**Assignment**
Each line below from the "用户输入用户名和密码后,系统" line through the "An interesting thing" line, those two included, must be restated word for word; the pictures must not be.

**Material to process**
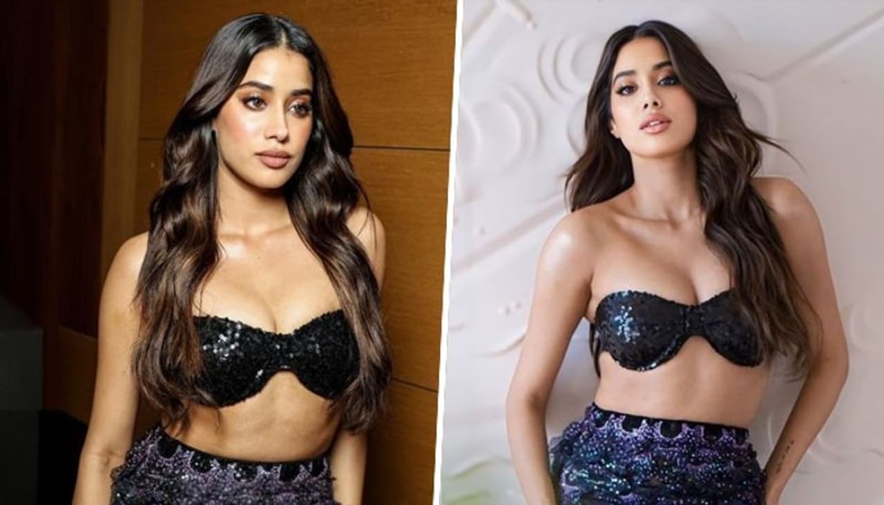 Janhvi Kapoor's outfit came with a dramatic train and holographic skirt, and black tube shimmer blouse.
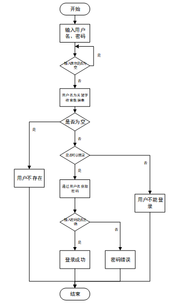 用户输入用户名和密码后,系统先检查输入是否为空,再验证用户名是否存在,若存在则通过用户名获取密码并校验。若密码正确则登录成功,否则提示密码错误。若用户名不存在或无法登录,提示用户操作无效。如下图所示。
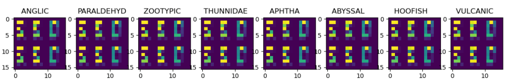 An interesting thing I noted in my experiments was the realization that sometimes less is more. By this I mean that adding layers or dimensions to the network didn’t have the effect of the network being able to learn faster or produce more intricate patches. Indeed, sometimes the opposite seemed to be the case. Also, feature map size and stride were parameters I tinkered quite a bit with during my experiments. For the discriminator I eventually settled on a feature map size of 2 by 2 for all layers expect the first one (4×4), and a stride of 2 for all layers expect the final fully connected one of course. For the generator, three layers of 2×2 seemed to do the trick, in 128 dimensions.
--
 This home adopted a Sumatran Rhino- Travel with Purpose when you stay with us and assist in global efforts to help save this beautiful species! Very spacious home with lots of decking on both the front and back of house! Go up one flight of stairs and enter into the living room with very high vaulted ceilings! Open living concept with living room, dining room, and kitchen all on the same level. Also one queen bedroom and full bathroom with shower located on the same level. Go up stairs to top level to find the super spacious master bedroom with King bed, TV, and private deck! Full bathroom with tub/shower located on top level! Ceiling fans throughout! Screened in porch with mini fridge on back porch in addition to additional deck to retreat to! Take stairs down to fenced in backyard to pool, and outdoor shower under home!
---
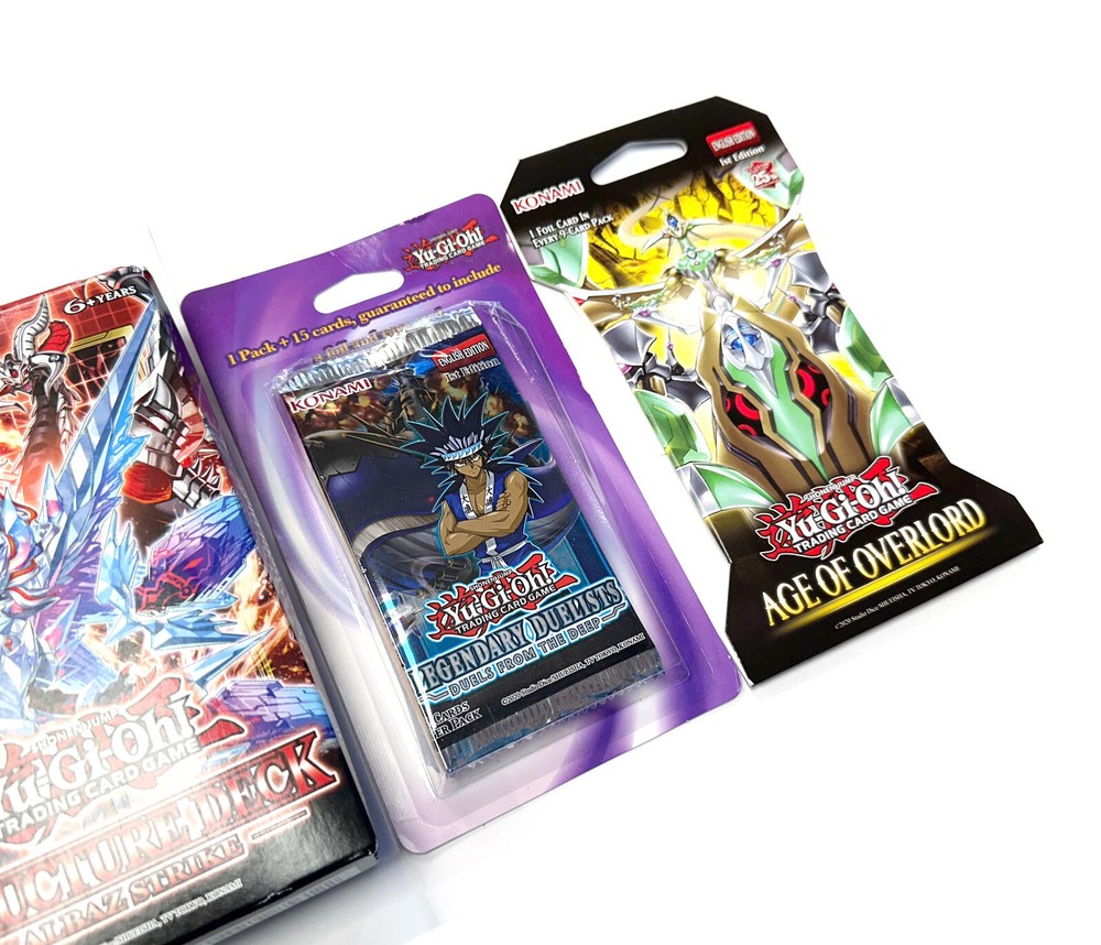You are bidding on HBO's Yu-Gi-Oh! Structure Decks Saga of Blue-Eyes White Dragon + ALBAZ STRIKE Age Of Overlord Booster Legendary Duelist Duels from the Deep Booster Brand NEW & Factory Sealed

**Task result**
 用户输入用户名和密码后,系统先检查输入是否为空,再验证用户名是否存在,若存在则通过用户名获取密码并校验。若密码正确则登录成功,否则提示密码错误。若用户名不存在或无法登录,提示用户操作无效。如下图所示。
 An interesting thing I noted in my experiments was the realization that sometimes less is more. By this I mean that adding layers or dimensions to the network didn’t have the effect of the network being able to learn faster or produce more intricate patches. Indeed, sometimes the opposite seemed to be the case. Also, feature map size and stride were parameters I tinkered quite a bit with during my experiments. For the discriminator I eventually settled on a feature map size of 2 by 2 for all layers expect the first one (4×4), and a stride of 2 for all layers expect the final fully connected one of course. For the generator, three layers of 2×2 seemed to do the trick, in 128 dimensions.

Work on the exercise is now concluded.